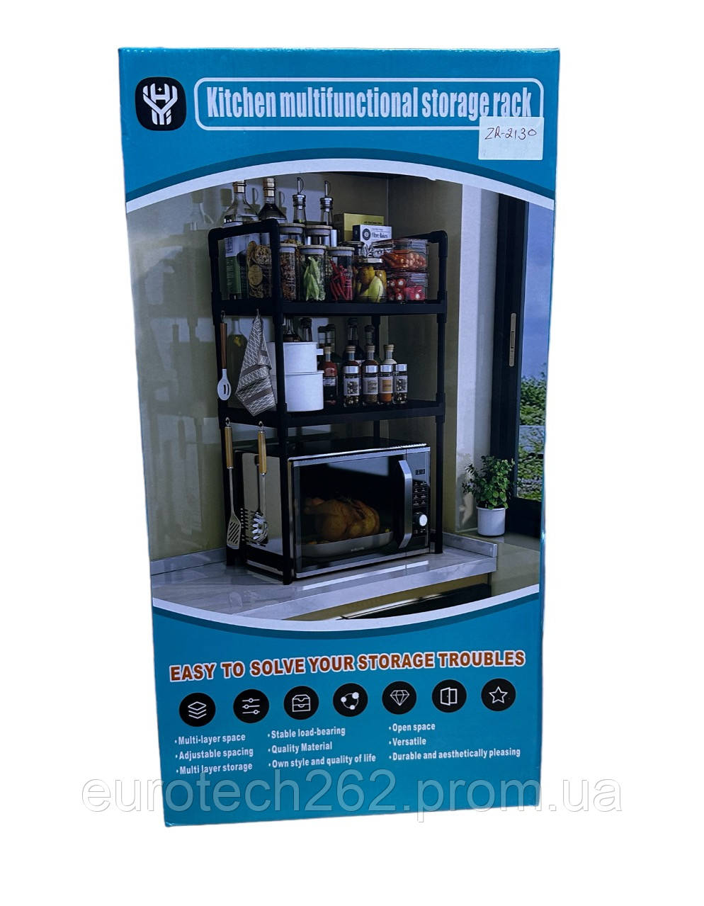 Полиця для мікрохвильової печі YH 6616 для кухні дає змогу неабияк заощадити місце та організувати зберігання кухонного приладдя.
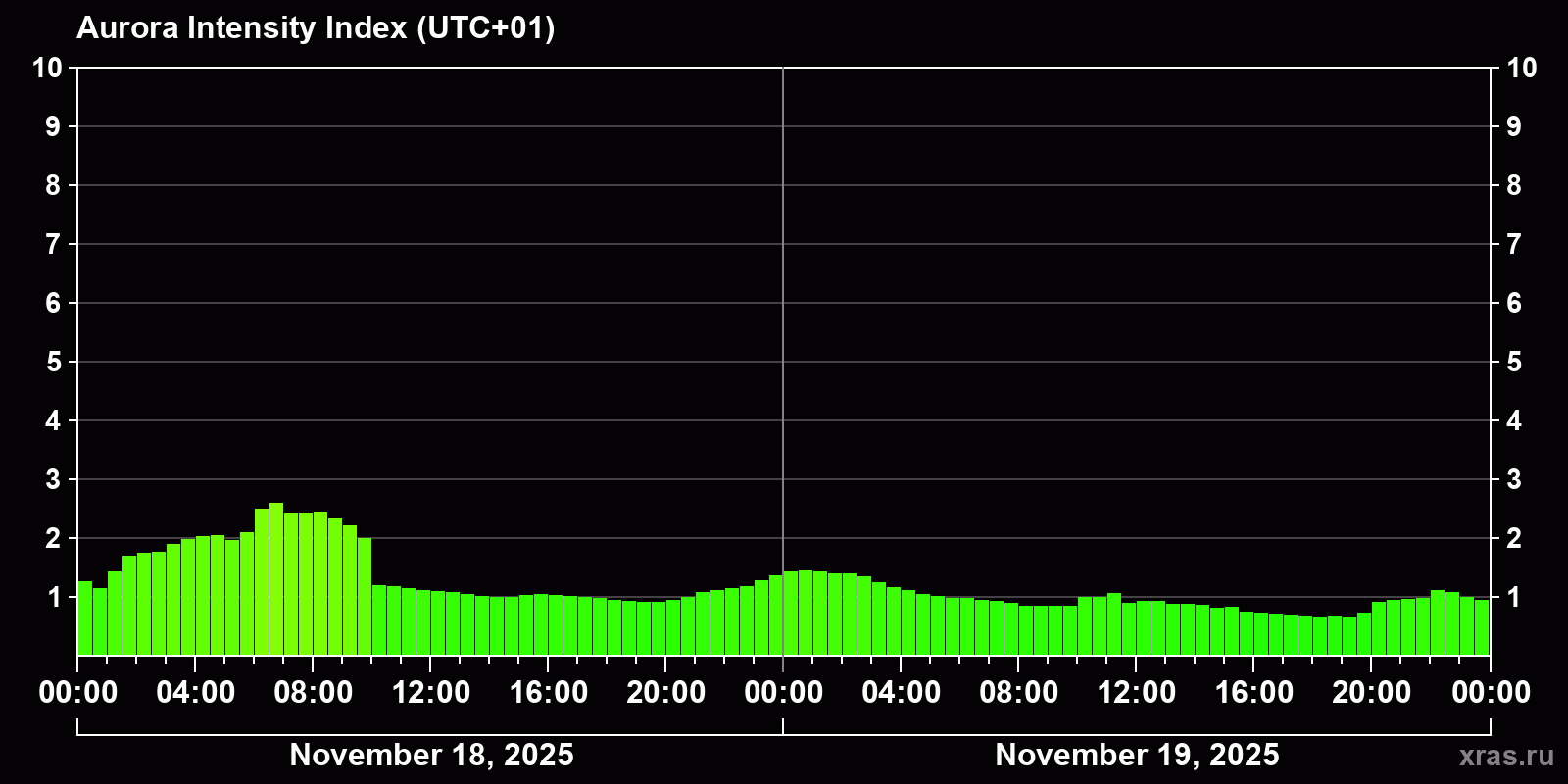 Changes in the auroral intensity index from 2025-11-18 to 2025-11-19 local time
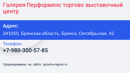 Галерея Перформенс, торгово-выставочный центр по адресу 241050, Брянская область, Брянск, Октябрьская, 42 в дальнейшем Организация, размещена в следующих категориях:
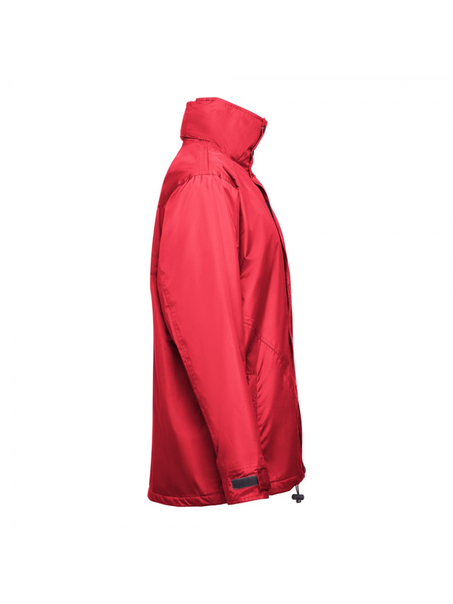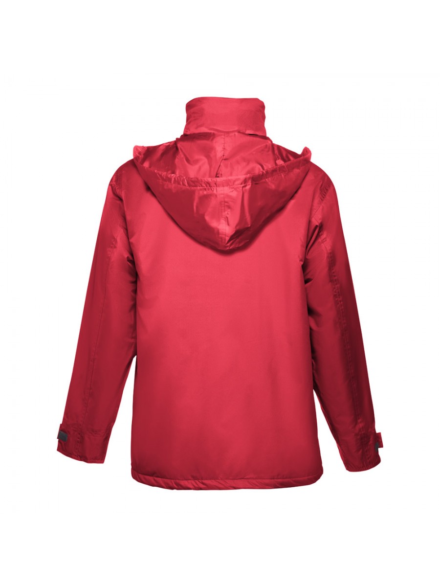 Parka (unisex) imbottito in 100% poliestere (esterno: 240g/m² 100% poliestere pongee 240 e rivestimento impermeabile in PVC, interno: 65g/m² 100% poliestere taffetà, Riempimento: 100% poliestere 80 g/m²). Girocollo foderato in pile nero (chiusura in velcro). Cappuccio pieghevole sul collo, regolabile tramite coulisse con stoppers neri. Apertura, chiusura in tinta, strappo e bottoni a pressione neri. 2 tasche esterne con pattina e 2 tasche interne (1 per cellulare) con chiusura a strappo. Polsini interni a costine 2x2 e polsini esterni regolabili con chiusura a strappo. Cuciture termosaldate. Accesso posteriore con cerniera per una facile personalizzazione. Taglie: XS, S, M, L, XL, XXL

__________

Directions for this task |
Repeat the material above word for word, please, apart from its images.

Result |
 Полиця для мікрохвильової печі YH 6616 для кухні дає змогу неабияк заощадити місце та організувати зберігання кухонного приладдя.
 Changes in the auroral intensity index from 2025-11-18 to 2025-11-19 local time
 Галерея Перформенс, торгово-выставочный центр по адресу 241050, Брянская область, Брянск, Октябрьская, 42 в дальнейшем Организация, размещена в следующих категориях:
 Parka (unisex) imbottito in 100% poliestere (esterno: 240g/m² 100% poliestere pongee 240 e rivestimento impermeabile in PVC, interno: 65g/m² 100% poliestere taffetà, Riempimento: 100% poliestere 80 g/m²). Girocollo foderato in pile nero (chiusura in velcro). Cappuccio pieghevole sul collo, regolabile tramite coulisse con stoppers neri. Apertura, chiusura in tinta, strappo e bottoni a pressione neri. 2 tasche esterne con pattina e 2 tasche interne (1 per cellulare) con chiusura a strappo. Polsini interni a costine 2x2 e polsini esterni regolabili con chiusura a strappo. Cuciture termosaldate. Accesso posteriore con cerniera per una facile personalizzazione. Taglie: XS, S, M, L, XL, XXL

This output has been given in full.